Security system firm apologises for releasing unedited video of Tanjong Pagar crash

·Editorial Team
·3-min read
Offerings seen at the crash site along Tanjong Pagar Road on 17 February, 2021. (PHOTO: Wan Ting Koh/Yahoo News Singapore)
Offerings seen at the crash site along Tanjong Pagar Road on 17 February, 2021. (PHOTO: Wan Ting Koh/Yahoo News Singapore)

SINGAPORE — A security system company on Wednesday (17 February) apologised for uploading unedited footage of the fatal Tanjong Pagar car crash on its Facebook page, warning others who have shared the videos to remove them.

In a post on the social media platform signed off by the management of E3N Security, the firm wrote that it had shared two video clips of the accident and had uploaded a full clip instead of a shorter, edited version as a result of an "administrative error".

The company had posted the clips on Facebook on Tuesday evening and took them down shortly after.

Five men were killed in the crash on Saturday morning, the second day of Chinese New Year. Of them, four were financial advisers at Aviva Financial Advisers: Jonathan Long and Eugene Yap, both 29, Elvin Tan Yong Hao, 28, and Wilson Teo Qi Xiang, 26. Gary Wong Hong Chieh, 29, was a former representative at the firm.

Long, who drove the BMW M4 coupe, was spotted speeding before the car crashed into a vacant shophouse at 37 Tanjong Pagar Road and burst into flames at about 5.40am.

Raybe Oh Siew Huey, 26, Long's girlfriend, is currently in critical condition after suffering 80 per cent burns to her body in her attempt to rescue the men.

In the over three-minute video uploaded by E3N Security, Oh could be seen rushing to the burning car shortly after it skidded and crashed into the shophouse. Seconds later, Oh emerged from the blaze, completely engulfed in flames, and could be seen running to the opposite side of the road, where a witness at the scene poured water on her.

"This mistake has caused unnecessary suffering for the victims’ families and we would like to apologise for our mistake and acknowledged that it is insensitive to show the full clip of Ms Oh in distress and we would like to inform all others to refrain from sharing the full clip," said E3N Security.

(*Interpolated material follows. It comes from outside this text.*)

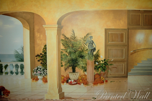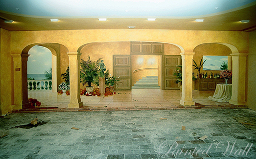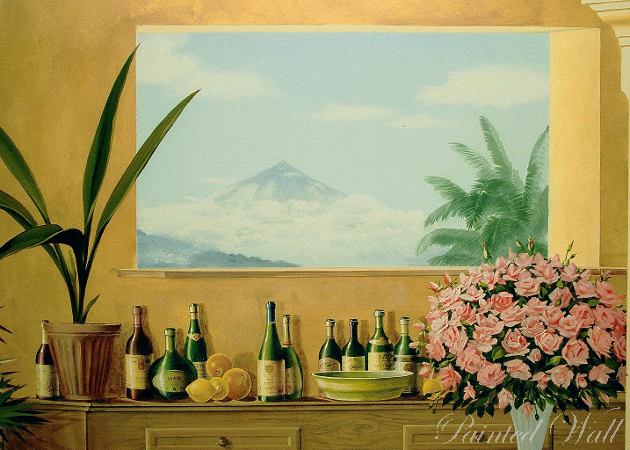 Para la remodelación del restaurante en el Gran-Hotel Atalaya en Tenerifa nos pidierón ampliar el espacio opticamente con la ayuda de murales y hacer posible la vista sobre el ‘Teide’. Gracias a la perpectiva central y una construcción exacta de la arquitectura llendó al fondo nos fué posible crear una ilusión perfecta.

It added that the police have requested and obtained a high-resolution copy of the footage for investigation purposes.

Separately, a low-resolution version was requested by and sent to The Straits Times, which E3N Security had described as "the only authorised exclusive media to redistribute the video" apart from authorities. The firm added that no payment or benefit was obtained from the release of the footage to the newspaper.

E3N Security added that it is the "rightful owner and only company fully authorised to manage and release" the closed-circuit television (CCTV) recordings on behalf of the owner of the premises where the footage was obtained from.

The company pointed out clips that have been watermarked with the firm's name and circulated online and via messaging apps "were not by us and we do not know who watermarked it".

"The screenshots of our FB page with the video clips shown that our clips does not have any watermarking," it said.

E3N Security also called on websites, social media pages or users who are currently sharing the videos "without our consent and knowledge" to delete the clips that were downloaded from its Facebook page.

"We reserve the rights to take legal measures against anyone who has distributed the video without authorisation. We hope that everyone can give some space to the victims’ families in times of sorrow to tide over this tragic event," said the company.